President Theodore Roosevelt dedicated his life to conquering the ghost of his sickly childhood…but as he stood on Monument Circle before a sea of supporters, the infection boiling in his wounded leg had reduced him to limping agony.
Less than three weeks earlier, as his presidential entourage had trotted down a Massachusetts street, a speeding electric trolley had slammed into his open carriage, killing Secret Service Agent William Craig and flinging Roosevelt from the carriage to the pavement. As usual, Roosevelt dismissed the few cuts and scraps, looking to the well-being of others.
Only a single wound, a shallow but lengthy laceration down his left leg, caused him any lasting pain, but for a veteran solider and consummate outdoorsman, such a wound was a trifle.
It would turn out to be life-threatening.
The tireless Teddy Roosevelt commenced with a speaking tour of the Midwest, anxious to support his fellow Republicans in an upcoming race as well as legitimize his newborn presidency. Only a year earlier, his predecessor, President William McKinley, died from septicemia after an (ultimately successful) assassination attempt.

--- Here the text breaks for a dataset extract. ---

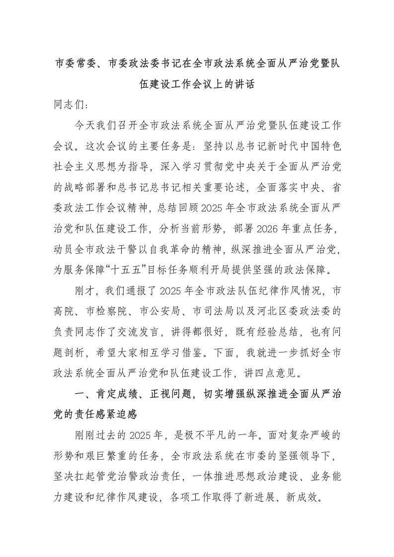 市委常委、市委政法委书记在全市政法系统全面从严治党暨队伍建设工作会议上的讲话同志们:今天我们召开全市政法系统全面从严治党暨队伍建设工作会议。这次会议的主要任务是:坚持以总书记新时代中国特色社会主义思想为指导,深入学习贯彻党中央关于全面从严治党的战略部署和总书记总书记相关重要论述,全面落实中央、省委政法工作会议精神,总结回顾2025年全市政法系统全面从严治党和队伍建设工作,分析当前形势,部署2026年重点任务,动员全市政法干警以自我革命的精神,纵深推进全面从严治党,为服务保障“十五五”目标任务顺利开局提供坚强的政法保障。刚才,我们通报了2025年全市政法队伍纪律作风情况,市高院、市检察院、市公安局、市司法局以及河北区委政法委的负责同志作了交流发言,讲得都很好,既有经验总结,也有问题剖析,希望大家相互学习借鉴。下面,我就进一步抓好全市政法系统全面从严治党和队伍建设工作,讲四点意见。一、肯定成绩、正视问题,切实增强纵深推进全面从严治党的责任感紧迫感刚刚过去的2025年,是极不平凡的一年。面对复杂严峻的形势和艰巨繁重的任务,全市政法系统在市委的坚强领导下,坚决扛起管党治警政治责任,一体推进思想政治建设、业务能力建设和纪律作风建设,各项工作取得了新进展、新成效。

As his tour took him through the Midwest and then to the Hoosier State, the wound on his leg grew hot, swollen and painful to the touch. When out of the public eye, President Roosevelt rested in a wheelchair, but even this brought him little relief. Hot needles of infection pierced every step, and yellow pus curdled beneath the wound’s feverish skin.
His legendary endurance gave out in Indianapolis, when the crowd notice the boisterous young president wince repeatedly during his impassioned speech.
In 1902, before the advent of antibiotics, infections were deadly business. If left untreated, they could quickly turn into blood poisoning (sepsis or septicemia), leading to a long and agonizingly-painful death. No steely resolve could save Roosevelt, and his staff hurried him to emergency surgery at St. Vincent’s Hospital in Indianapolis.
Word of Roosevelt’s illness quickly spread, and when news of possible blood poisoning leaked, hundreds of solemn onlookers stood vigil outside the Roman-Catholic hospital. They remembered well the condition that had taken McKinley.
For the second time in a year, the American public waited for news of another president’s death.
Polite to a fault, Roosevelt apologized to the hospital staff for their troubles as he was carried to surgery. The surgeon, Dr. John Oliver, readied instruments to lance and clean the leg infection, a simple but lengthy procedure. Given the wound’s size and the president’s observed pain, Dr. Oliver strongly suggested a general anesthetic, but Roosevelt refused, accepting only a local anesthetic in his leg.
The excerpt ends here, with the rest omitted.